Aside: Of course, in the longer run also, there are interesting questions about the relationship between these institutional services and network level services but that is a discussion for another day.
We have become used to managing collections of digital resources: images, music, citations. Zotero is one response to the question of how we will manage collections of scholarly resources. Raymond Yee's suggestive triple does good service describing the motivation: we want to be able to easily gather, create, and share resources. This general question has emerged strongly in library contexts recently.
The interesting Digital Lives project was advertized on various lists the other week.
As we move from cultural memory based on physical artifacts, to a hybrid digital and physical environment, and then increasingly shift towards new forms of digital memory, many fundamental new issues arise for research institutions such as the British Library that will be the custodians of and provide research access to digital archives and personal collections created by individuals in the 21st century. ...

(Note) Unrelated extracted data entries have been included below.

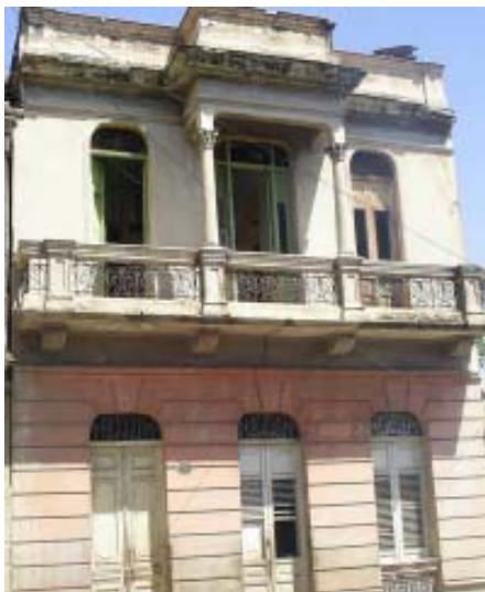
Carnicería No. 707 e/ Santa Lucía y Rey Pelayo.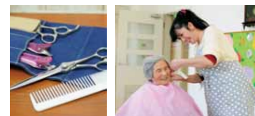
※NPO法人ピュール。ひとり親世帯などの子育てサポートに関わる事業や出張・訪問理美容事業を目的として、今年10月に設立された特定非営利活動法人

profile 平成4年10月、大島町に生まれる。東京国際大学で福祉心理学科を専攻。福祉と心理の両方の視点を学ぶとともに、ゼミで子どもを取り巻く貧困と格差について学ぶ。今年3月に大学卒業を控え、NPO法人ピュールを設立。ピュール理事長。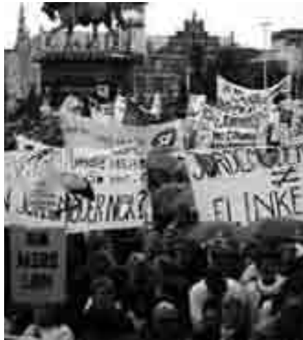
Christiansborg Slotsplads ved folketingets åbning i 2007 hvor 130.000 demonstrerede over hele landet

Den løgnagtige og bedrageriske Fogh-regering har fremlagt et nyt klassebudget til fordel for de rige med finanslovsforslaget for 2009. Samtidig bebudes nye angreb på dagpenge, aktiveringsordninger og efterløn. Det må bremses med masseaktioner, der får rejst og vist arbejderklassens vej ud af krisen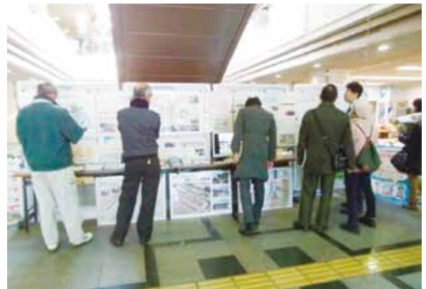
図6 オープンハウス開催の様子

具体的な取り組みとしては、「利便性の高い公共交通ネットワークや基幹となるLRT整備の必要性」、「LRT事業の概要」、さらには「最新の取組状況」などについての説明やパネルの展示、職員との意見交換などを行う「オープンハウス」を出先機関やショッピングセンター等において開催するとともに、説明会の実施や市の広報紙を活用した情報提供を行うなど、分かりやすく丁寧な説明に努めています。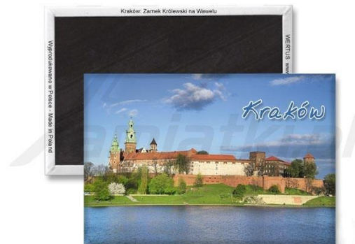
Zdjęcie przykładowego produktu spełniającego wymogi opisu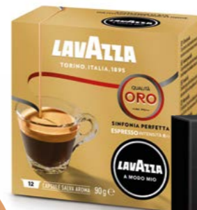
Capsule LAVAZZA A MODO MIO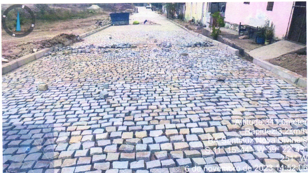
Execução de Pavimentação do Bairro Nova Divinéia, Rua F. Mascedo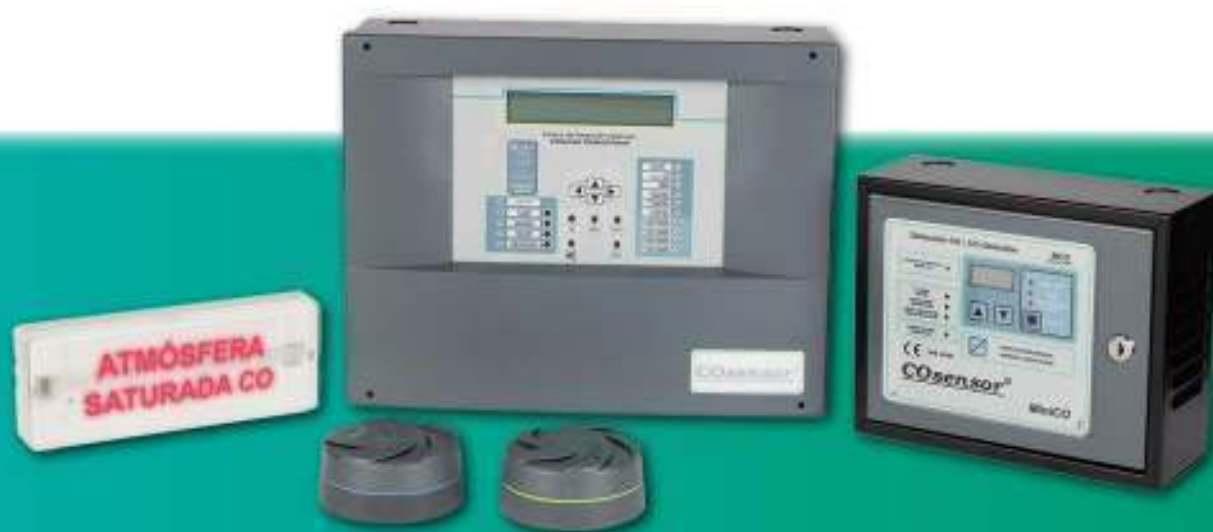
Sistema de detección de Monóxido de Carbono (CO)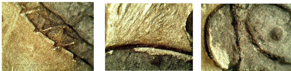
Рис. 7. Микроснимки фрагментов лицевой стороны накладки.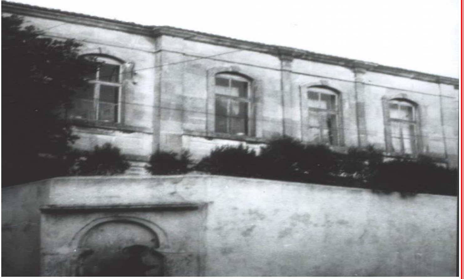
Müsannif Sokaktaki Eski Okul Binası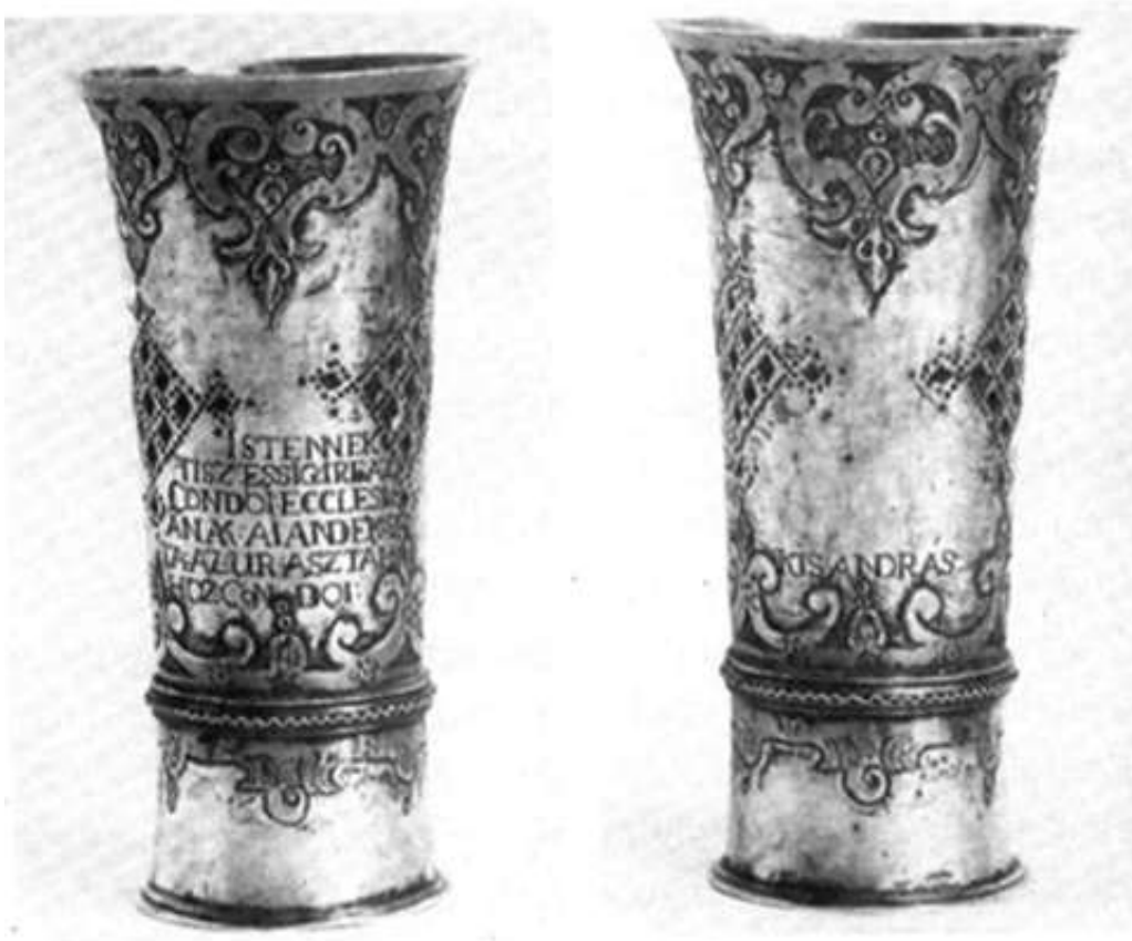
12., Régi talpas, kondói úrvacsorai pohár a Magyar Nemzeti Múzeumban, 1680 körüli magyar munka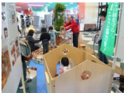
木のおもちゃは子ども達に大人気。

... Digital Lives is a major research project focusing on personal digital collections and their relationship with research repositories. It brings together expert curators and practitioners in digital preservation, digital manuscripts, literary collections, web-archiving, history of science, and oral history from within the British Library (one of the world’s leading research libraries) with researchers in the School of Library, Archive and Information Studies at University College London, and The Centre for Information Technology and Law at the University of Bristol. [Digital Lives :: About]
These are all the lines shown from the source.